Besides contributing a substantial portion to national GDP, international demand for our products and services is an important driver of domestic innovation, and high-tech exports make up a large portion of our export earnings.2 We applaud the President's decision to propose consolidating six trade agencies including the U.S. Department of Commerce's core business and trade functions, the Small Business Administration, the Office of the U.S. Trade Representative, the Export-Import Bank, the Overseas Private Investment Corporation, and the U.S. Trade and Development Agency.3 As our colleagues Christian Weller and Luke Reidenbach noted in their 2011 report, the quantity and quality of U.S. trade relationships in high-tech sectors have profound implications on innovation, long-term economic growth, jobs, wages, and standards of living. A more strategic approach to high-tech exports is needed to reverse the recent declines of U.S. trade in these industries, and to stay cutting-edge in the increasingly innovation-driven global economy.4 An integrated Department of Competitiveness along the lines of what the President and we propose could help boost the success of these critical U.S. industries through a shared focus on trade, technology, training, and economic growth.
Technology, or the production of new and better products, and faster and cheaper ways of making them, has always been at the heart of America’s long-term economic growth.5 And even in the near term, innovation has a direct impact on jobs and wages. According to a Department of Commerce report, job wages grew in innovation-intensive industries at two-and-a-half times the national average in recent years.6 The federal government currently does a good job of cultivating fundamental scientific research, as well as technology innovation in some mission-oriented areas. But we currently lack a national platform to help translate our science resources into general purpose technologies that create jobs, businesses, and drive growth. Yet the most important general-purpose technology of our time, the Internet, was spawned and developed largely through public-sector support. There are currently many government functions that provide services in support of the research, development, and commercialization of science and technology:
Bringing the industry-facing services of these agencies together with programs that can bring workforce development, regional economic planning, and support for small and startup businesses would streamline and simplify access and enhance coordination of these related federal resources.

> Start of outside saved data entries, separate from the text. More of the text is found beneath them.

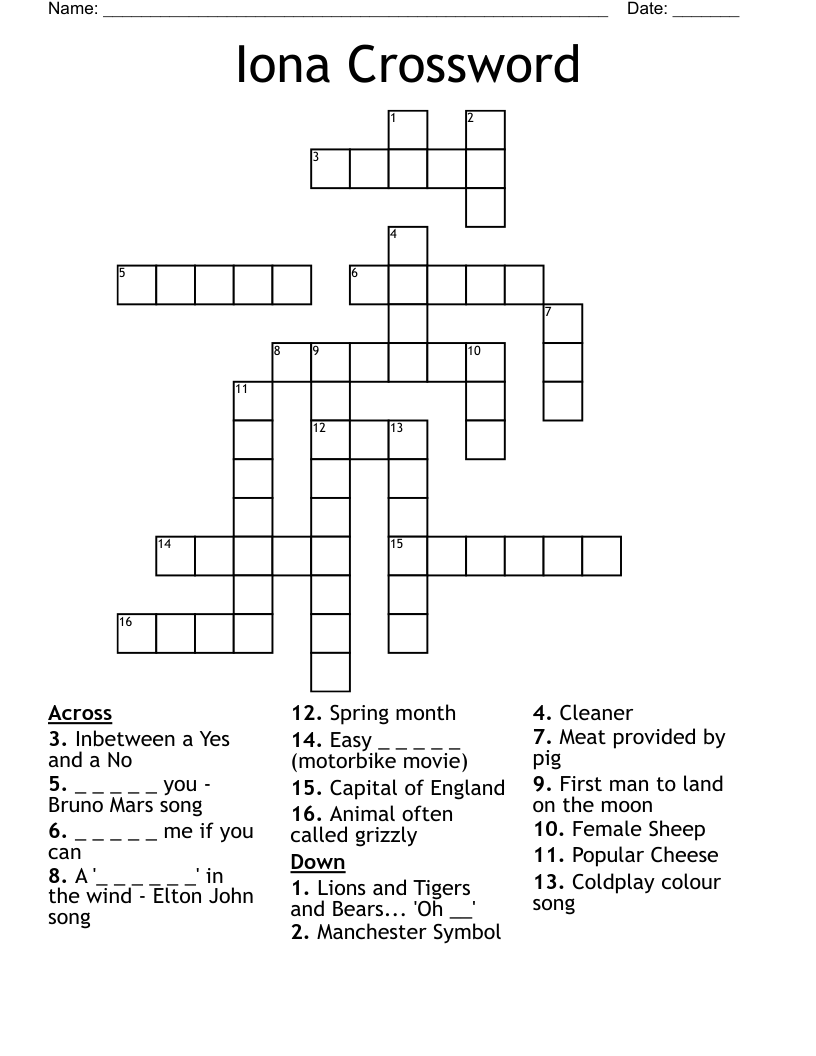 Iona Crossword WordMint
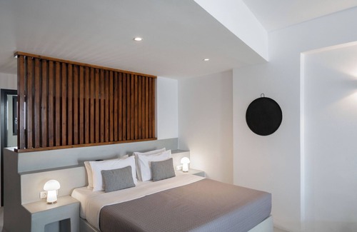 The Serenity Suite offers the perfect setting for couples seeking a romantic escape. Designed in the traditional Cycladic style, this suite boasts a spacious bedroom with a queen-sized bed and a private patio featuring a hot tub, heated during April, May, and October. The highlight of the suite is undoubtedly the outdoor hot tub, providing guests with a mesmerizing view of the sunset and the volcano.
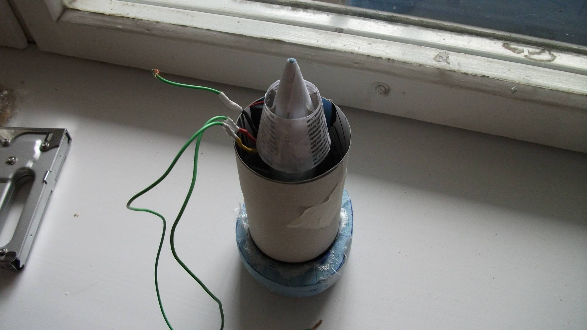 • Nach all dem ist die Struktur miteinander verbunden. Draht ist für den Ständer geeignet. Dies ist vielleicht die einfachste Option. Und für ein so leichtes Gerät kann man es sich nicht besser vorstellen. Sie können das Skelett so biegen, dass die Batterien dort diskret versteckt werden.Oder führen Sie vorsichtig das Stromversorgungskabel zum Motor.
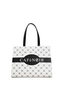 Bolso Tote de hombro con impresión en el cuadrante delantero y en la parte trasera y una cinta central con logotipo en contraste. Acabados negros y cierre con cremallera.
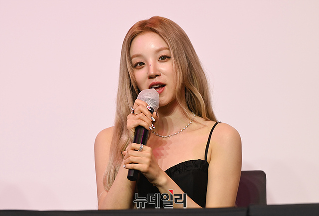 걸그룹 (여자)아이들((G)I-DLE)이 15일 오후 서울 강남구 조선팰리스에서 열린 여섯 번째 미니 앨범 'I feel' 제작발표회에서 앨범을 설명하고 있다.

Our nation is dotted with communities full of promise, talent, and potential. But a lack of expertise, financial capital, and confidence prevents many of these communities from maximizing their potential. Strategically deployed support to regional development organizations, microenterprise development funds, community development councils, and venture and angel investors looking to deliver risk capital to entrepreneurs with promising ideas can go a long way in helping communities large and small achieve their full potential. Ensuring all of our nation’s communities have something to add to the national economy is key to sustaining jobs, enlivening regions, and promoting national competitiveness. That's why economic growth is the third pillar of our new Department of Competitiveness. The EDA provides a range of services including technical assistance, strategy development, revolving loan fund capitalization, trade adjustment assistance and public works investments to support these efforts. At the same time, the Small Business Administration today maintains a network of approved lenders, small-business development centers, and small-business investment companies designed to give small businesses in economically underserved regions a leg up. Given that a region's economic success is determined ultimately by the success of private-sector businesses in the region, the two belong together. We applaud the administration’s recent initiatives to better coordinate small business assistance with regional economic development, and technology innovation programs through the jobs and innovation Accelerator program,7 the energy regional innovation hubs,8 and other programs. But we can do much better. Combining traditional "economic development" tools, many of which reside in the Economic Development Agency, with research funding and technology commercialization programs, trade and financing assistance, and workforce development programs under one agency will ensure that federal tools to aid economically underserved communities are used to their fullest potential.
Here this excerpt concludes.